Несмотря на то, что эта дискуссия завершилась
созданием «обтекаемого», обобщенного
определения «Наказа», на современном
этапе развития отечественной исторической
науки можно говорить о появлении «второго
дыхания» в его изучении. В русле историографии
«Наказа» Екатерины Великой написаны
и многочисленные работы по изучению дворянских
наказов, направленных в Уложенную Комиссию.

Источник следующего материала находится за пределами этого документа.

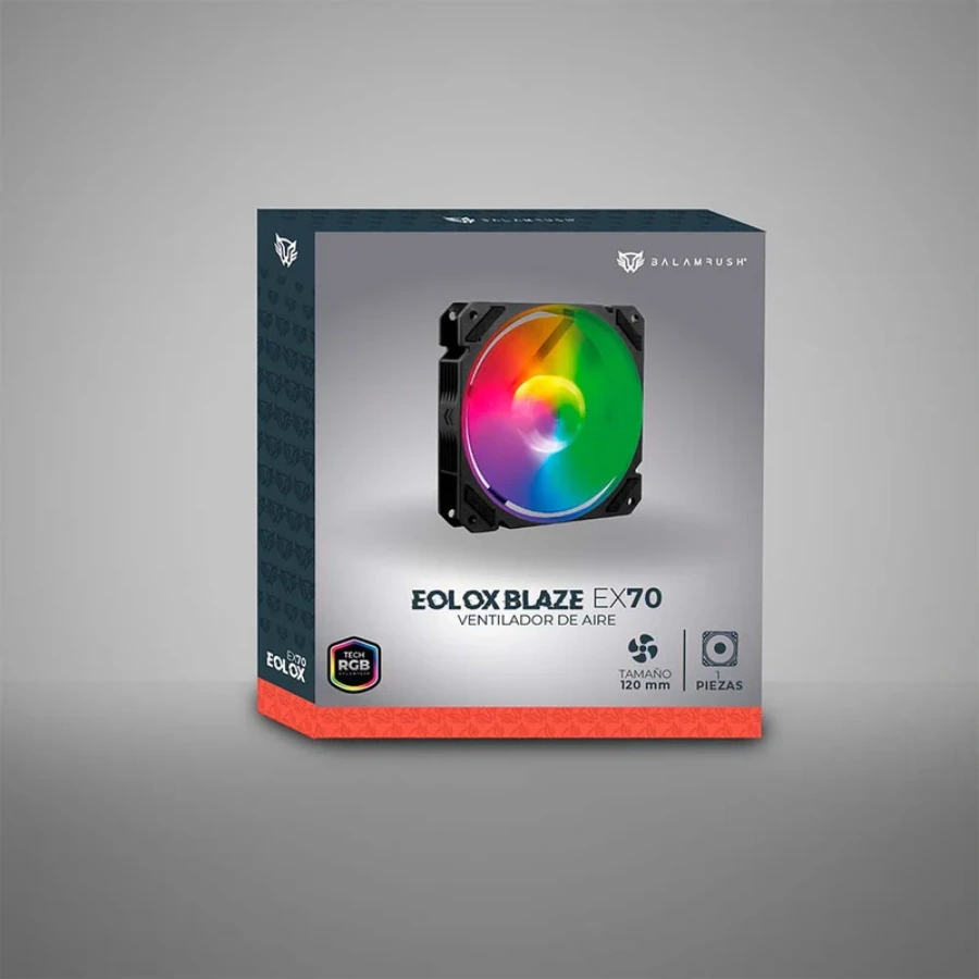 Ventilador BALAM RUSH EOLOX BLAZE EX70 / 120MM / RGB / 1200 RPM / 30.71 CFM / 22.1 dBA / 4Pin 12V, 3Pin 5V / Negro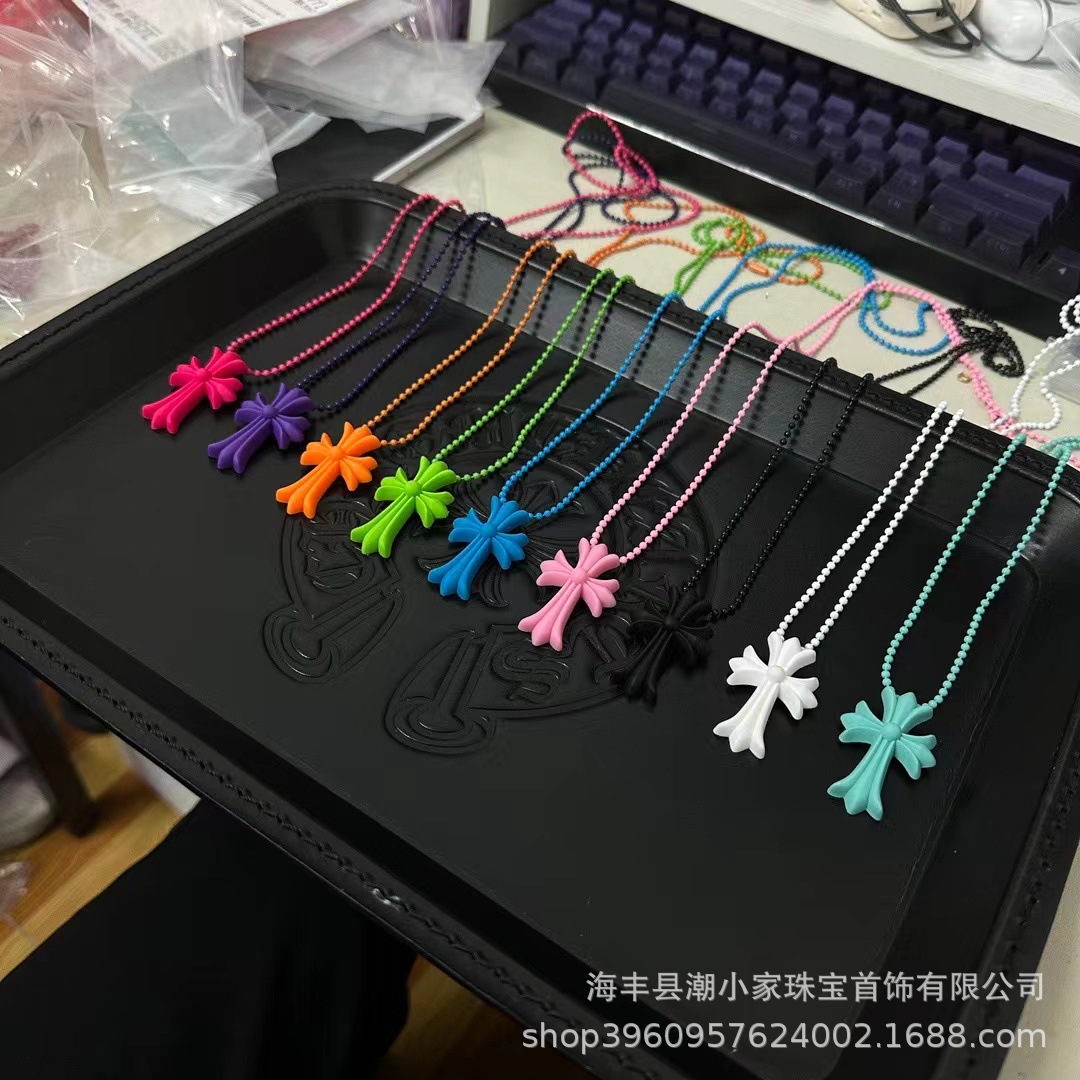 2023 Hip Hop Colorful Cross Necklace for Women Age-Reducing Trend Versatile Color Options Wholesale Pendant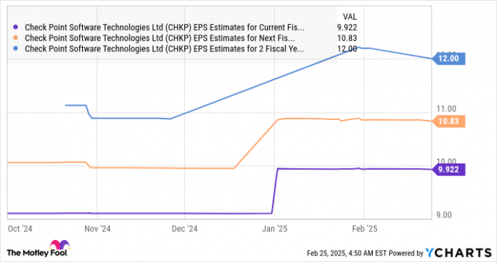 Examine Level is anticipating its fiscal 2025 income to extend within the vary of 4% to eight%. In the meantime, the corporate has guided for barely stronger bottom-line progress to a variety of 5% to 11%. On the midpoint, Examine Level’s full-year earnings might land at $9.90 per share.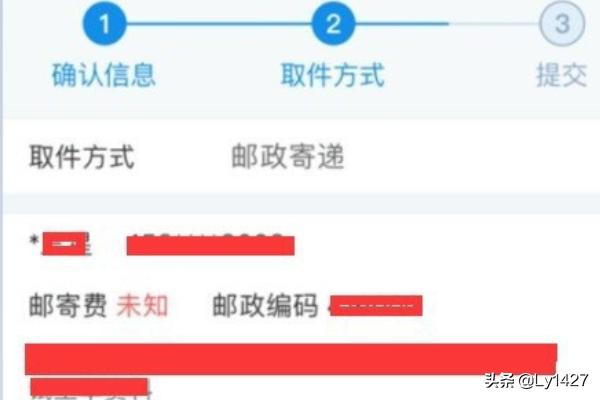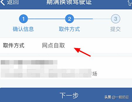 8、确认你是自取还是邮寄,邮寄是需要花钱的,点击下一步。

Вывод, к которому пришло большинство
историков, заключался в следующем: Екатерина
II учла пожелания, но выполнила только
их малую толику.
Историю областных учреждений при Екатерине II следует признать наиболее полно и удачно разработанным вопросом в отечественной историографии. Интерес к ней возник еще в XIX в. и получил свое дальнейшее развитие уже в первой трети XX в. Введению областных учреждений и их деятельности посвящались как фундаментальные монографии, так и отдельные многочисленные публикации. Среди основных вопросов, оказавшихся в центре внимания исследователей, можно выделить следующие: была ли областная реформа продолжением тенденций, появившихся в петровское время; влияние идей Просвещения на местные учреждения в России; можно ли выделить этапы в становлении «областной
мысли» в екатерининское царствие; что отнести к положительным и отрицательным сторонам реформы и ряд других. Сегодня ни один исследователь, затрагивающий историю областного управления в России XVIII в. не обходится без фундаментального труда Ю. В. Готье «История областного управления от Петра I до Екатерины II» (Т. I-II). В изучении областных реформ Ю. В. Готье не являлся первопроходцем. Однако, его работа значительно отличается от исследований предшественников и можно сказать, что она практически подвела итог изучению преобразований в областных учреждениях России XVIII в. Готье подробно шаг за шагом исследовал историю развития и существования местных органов управления, останавливаясь на их реорганизации; показал иерархическую структуру, выделил основные функции, выявив сферу их влияния и деятельности. Историк изучил первые мероприятия по реорганизации областного управления (1762-1765 гг.) и, по его мнению, изменения в сфере областных учреждений уже давно назревали: 1) подъем крепостного хозяйства и развитие в его рамках товарно-денежных отношений, 2) подъем волны крестьянских волнений. Их перестройка была неизбежна, так как они не только не удовлетворяли потребностям государства, но и не охраняли интересов господствующего класса.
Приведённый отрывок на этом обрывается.